Iraqi Parliamentarian, Friend of US and Israel, Calls for ‘Mideast Summit’ as Islamists Burn Ballots in Baghdad
by Heather Robinson
From The Algemeiner
At the sunset of a three-term career in Iraq’s Parliament, Alusi, 68 — who has decided against pursuing another term — remains committed to promoting counter-terrorism efforts and normalized relations between his country and Israel.
As Western attention intensifies on Iran’s meddling in Iraq and across the region — a problem that this Iraqi maverick has warned of for decades — Alusi traveled last month to Washington DC, to urge the Trump administration to ensure that America, at long last, identifies and supports its “true allies” in the Mideast.
From Baghdad last week, Alusi said that he believes the burning of election materials in the capital was fomented by agents of Iran’s Revolutionary Guard Corps, at the direction of Major General Qassem Suleimani — the commander of its division of extraterritorial military and clandestine operations.
“I did say it in DC, they will try to have chaos here,” he said via a phone interview last Tuesday. “Iranian agent Qassem Suleimani of the Revolutionary Guard is trying to say to President Trump, ‘You can do nothing in Iraq. I am the master [here].’”
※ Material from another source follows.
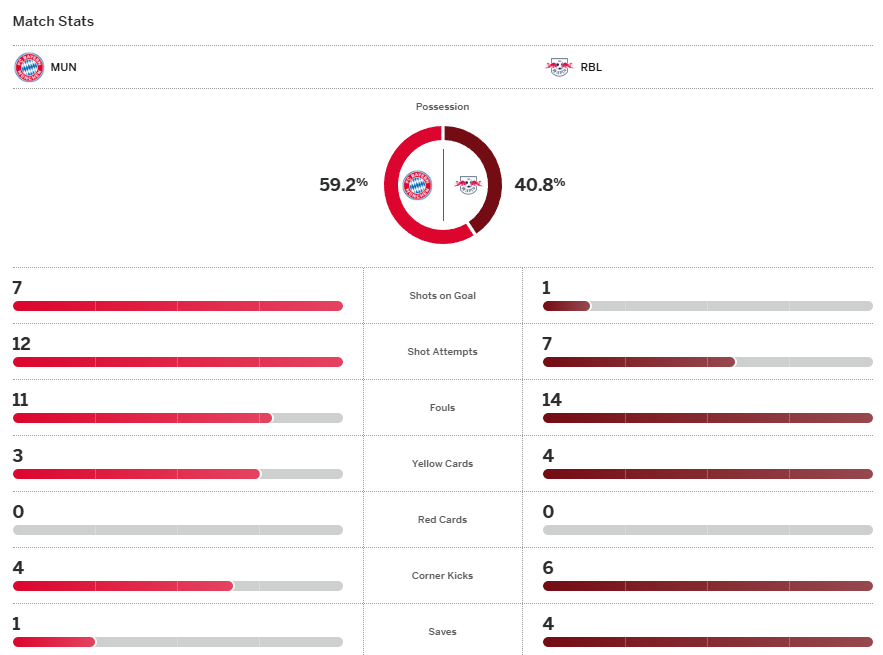จบเกม บาเยิร์น เอาชนะ ไลป์ซิก 2-0 ทำให้พวกเขาทะลุเข้าสู่รอบรองชนะเลิศของเดเอฟเบ โพคาล ต้องรอผลจับสลากว่าจะได้เจอกับทีมไหนระหว่าง เลเวอร์คูเซ่น, สตุ๊ตการ์ท และ ไฟรบวร์ก

A Sunni Muslim, Alusi is no stranger to controversy — or danger. Iraqi-born and bred, he was forced to flee the Middle East for his life in the 1970s, after he protested Saddam Hussein’s human rights abuses. Following the US liberation in 2003, he returned to Iraq with his two grown sons and took a position as culture director of the de-Baathification commission in Iraq’s interim government.
In 2004, he traveled to Israel to participate in a counter-terrorism conference at the International Institute for Counterterrorism in Herzliya. Before leaving the conference, he began receiving death threats. In an assassination attempt against him for daring to visit Israel, terrorists murdered his two grown sons, Ayman, 30, and Jamal, 22 — who both had shared his vision of helping to build a modern, democratic Iraq.
Refusing to be intimidated, Alusi remained in Iraq, got his political party — the Iraqi Nation Party — onto the ballot, and won a seat in Parliament in December 2005.
Alusi says that Iranian agents recently threatened his life and those of other Iraqi “liberals” — or non-Islamist politicians who promote human rights and are friendly to the West. He believes that he and others are no longer secure even in the International Zone of Baghdad, or the “Green Zone” — the heavily fortified governmental center within the capital.
“We are not secure, even in the Green Zone, because of the Iranian agents and Iranian killers,” he said. “Iran’s [agents] in Iraq published in the media threats to kill me. Anyone [that] says anything they don’t like,” their answer, says Alusi, is “not to discuss, but to kill. They are killers and terrorists.”
Alusi has traveled to Israel several times while in Parliament, prompting a sea change in Iraq’s official stance toward the Jewish state. After his first visit, he was “charged” with traveling to Israel — a capital offense under a Saddam Hussein-era law. In November 2008, however, Iraq’s Supreme Court ruled in his favor, stating it was no longer a crime for Iraqis to travel — including to Israel.
After Alusi won his case, hundreds of his supporters greeted and celebrated with him openly on the streets of Baghdad. But in the years since, conditions have deteriorated for anyone in Iraq who stands up to Islamist extremists, Alusi says.
He plans to continue to advocate for an Arab counter-terrorism alliance, in cooperation with Israel and the United States, and for human rights across the Middle East.
In addition to allegedly burning ballot boxes, Alusi points out that Iranian-backed Iraqi Islamist “militias” recently conducted a “March [for] Jerusalem” on the streets of Baghdad.
“We should not trust a group of people who are terrorizing their own people, terrorizing neighbors in Iraq, Syria, and Lebanon, and who the next day will terrorize Israel,” he said.
It is vital that the Trump administration identify and strengthen America’s true allies in the Mideast, rather than attempt to “bribe” hardened terrorists, which he maintains have too often characterized misguided past “peace process” attempts, Alusi says.
The focus of a Mideast summit of Arab and Israeli leaders should be “drying up sources of terrorism, [and] restricting [Iran’s] regime to a practical commitment not to manufacture nuclear, chemical, and biological weapons.
“Peace in the Middle East … cannot be achieved without the successful preparation of Middle East countries to defend themselves against the Iranian threat,” Alusi says. “Those who imagine that peace can be achieved with the existence of the Iranian threat, will repeat the mistakes of the past.”